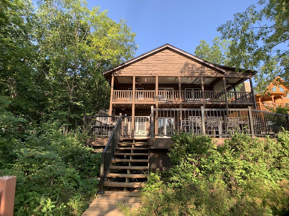 This remarkable waterfront log home was created with entertaining and outdoor fun in mind! The huge deck with delightful views will accommodate a large crowd, even for a sit down event. Imagine creating a great dining space under an umbrella as well as a cozy sitting area with a fire table - there's plenty space! Ready for a boat ride? Take the steps down to the large dock area where you can easily dock 2 boats, swim and fish, and enjoy the expansive lake views. No problem if the crowd wants to spend the weekend, as there are 5 bedrooms and 2 huge full baths. Plenty of room to seat 8 in the open kitchen, and lots of gathering space between the living room and oversized finished walkout basement family room. Additional wrap around deck on the main level is the perfect spot to perch with morning coffee while enjoying the glint of the sun off the water. Extra large garage holds all the tools and toys, and has a finished bonus room upstairs which is sure to be the kids favorite hangout. In addition, this home provides access to all the amenities Lake Thunderbird offers: private beach, swimming pool, tennis courts, Frisbee golf, miniature golf, playground, nature trails, picnic areas, and great fishing and boating! Properties like this are few and far between so don't miss out!
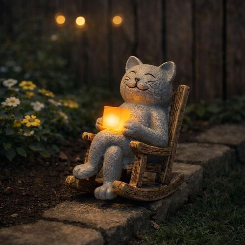 Lyeasw Cat Solar Garden Statues! 🐱 Miniature Cute Cat Outdoor Figurine with LED Lights Outdoor decor LED lights perfect cat lovers! 🌿
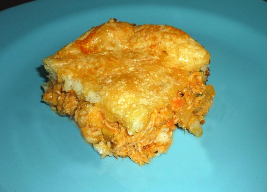 Coloque em cima da massa crua, logo após o queijo cortado em cubinhos. Bata as claras e depois as gemas. Acrescente o creme de leite e tempere com o sal, coloque uma pitada de fermento e cubra o frango e o queijo com essa mistura e leve ao forno médio para assar por cerca de 40 minutos
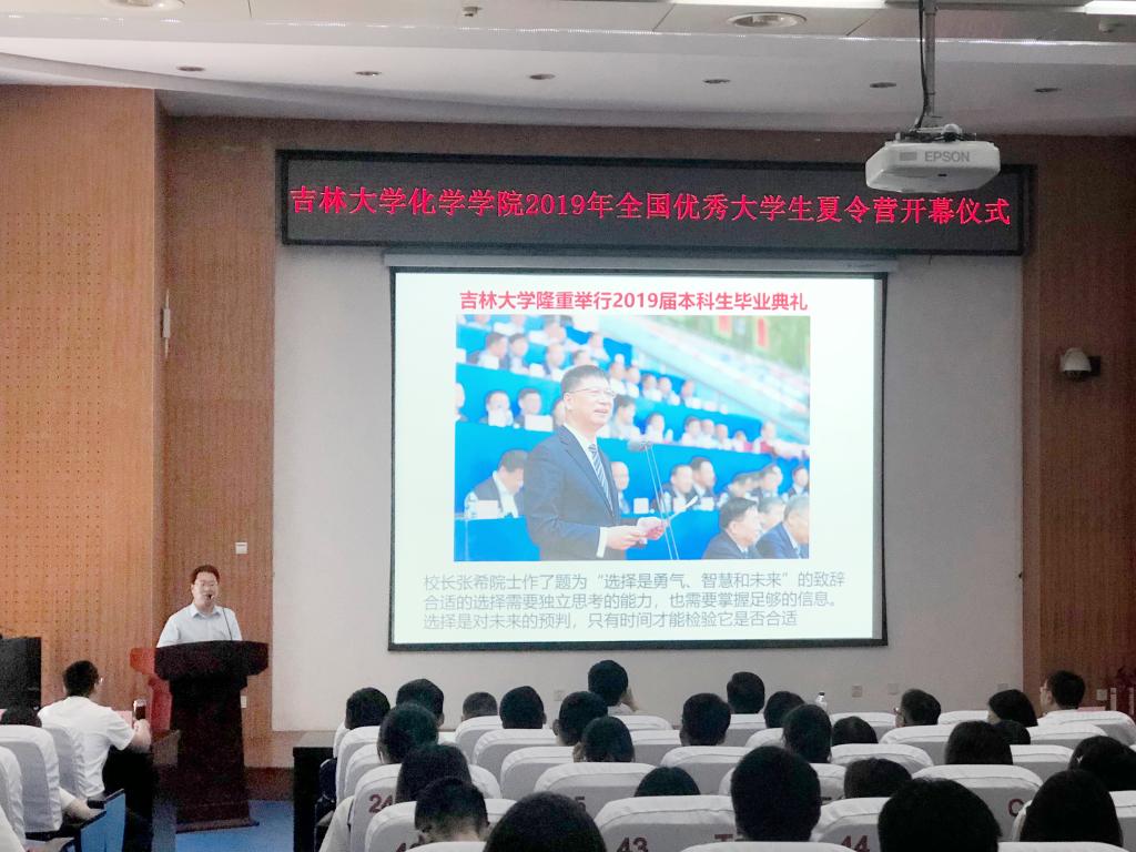 7月8日上午,伟德国际victor1946在无机超分子楼圆形报告厅举行了隆重的开营仪式。伟德国际victor1946党委书记宁德宽研究员致开营辞,他首先向前来参加夏令营的同学们表示了热烈欢迎,然后介绍了伟德国际victor1946举办夏令营的目的,并从有深厚的文化底蕴、有坚实的教学科研基础、有一支实力雄厚的团队队伍、有成功的人才培养理念、有前瞻的国际化视野等五个方面介绍了吉大化学的特色。
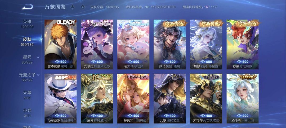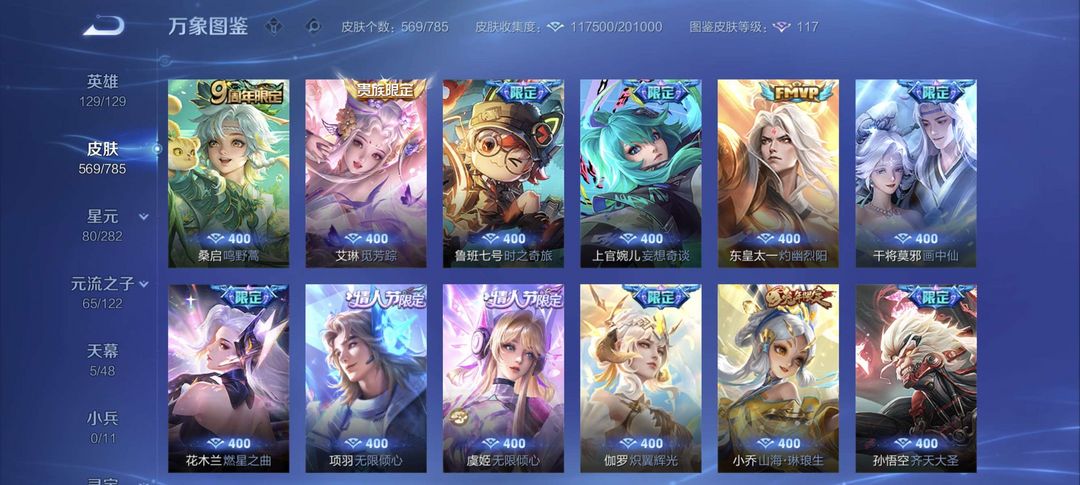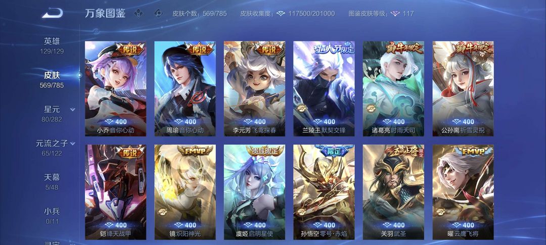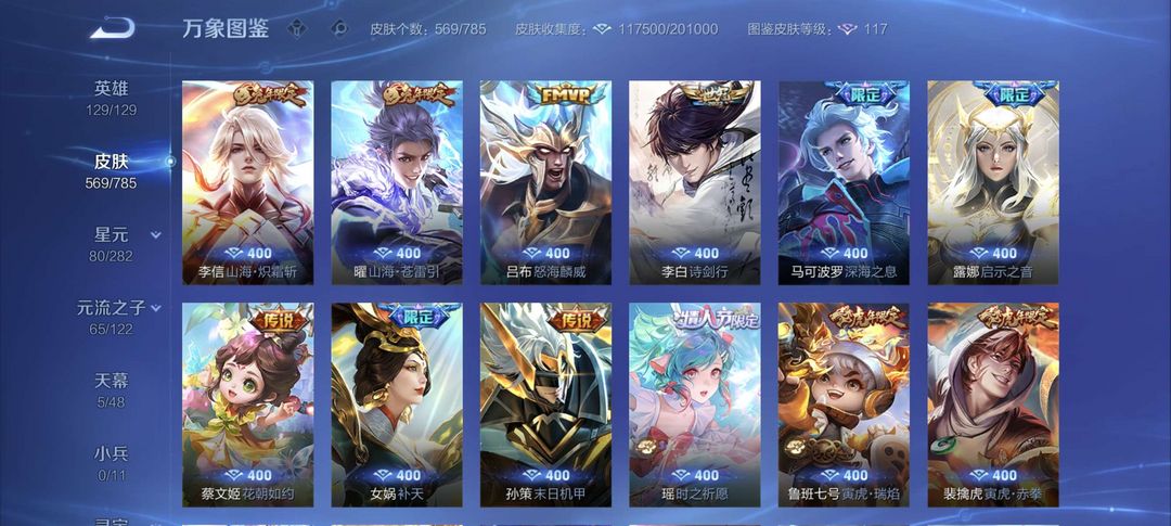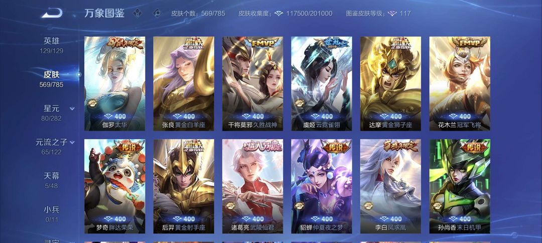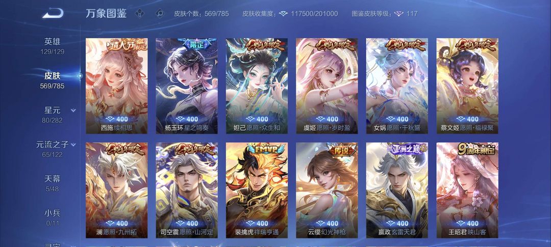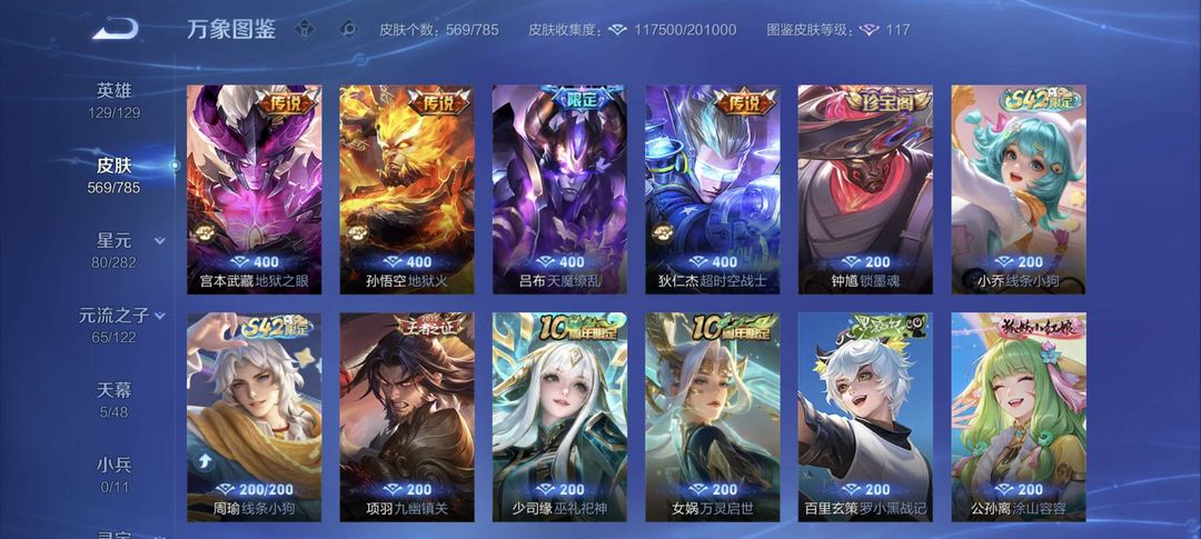 V10 565皮 8典藏 1珍品无双 4无双 7珍品传说 75传说 196史诗 1天幕 瑶全皮

══════════

→ Task to complete
Give back exactly, and only, the lines from the one holding "Coloque em cima" through the last line of the entries, with every picture omitted.

→ Written solution
 Coloque em cima da massa crua, logo após o queijo cortado em cubinhos. Bata as claras e depois as gemas. Acrescente o creme de leite e tempere com o sal, coloque uma pitada de fermento e cubra o frango e o queijo com essa mistura e leve ao forno médio para assar por cerca de 40 minutos
 7月8日上午,伟德国际victor1946在无机超分子楼圆形报告厅举行了隆重的开营仪式。伟德国际victor1946党委书记宁德宽研究员致开营辞,他首先向前来参加夏令营的同学们表示了热烈欢迎,然后介绍了伟德国际victor1946举办夏令营的目的,并从有深厚的文化底蕴、有坚实的教学科研基础、有一支实力雄厚的团队队伍、有成功的人才培养理念、有前瞻的国际化视野等五个方面介绍了吉大化学的特色。
 V10 565皮 8典藏 1珍品无双 4无双 7珍品传说 75传说 196史诗 1天幕 瑶全皮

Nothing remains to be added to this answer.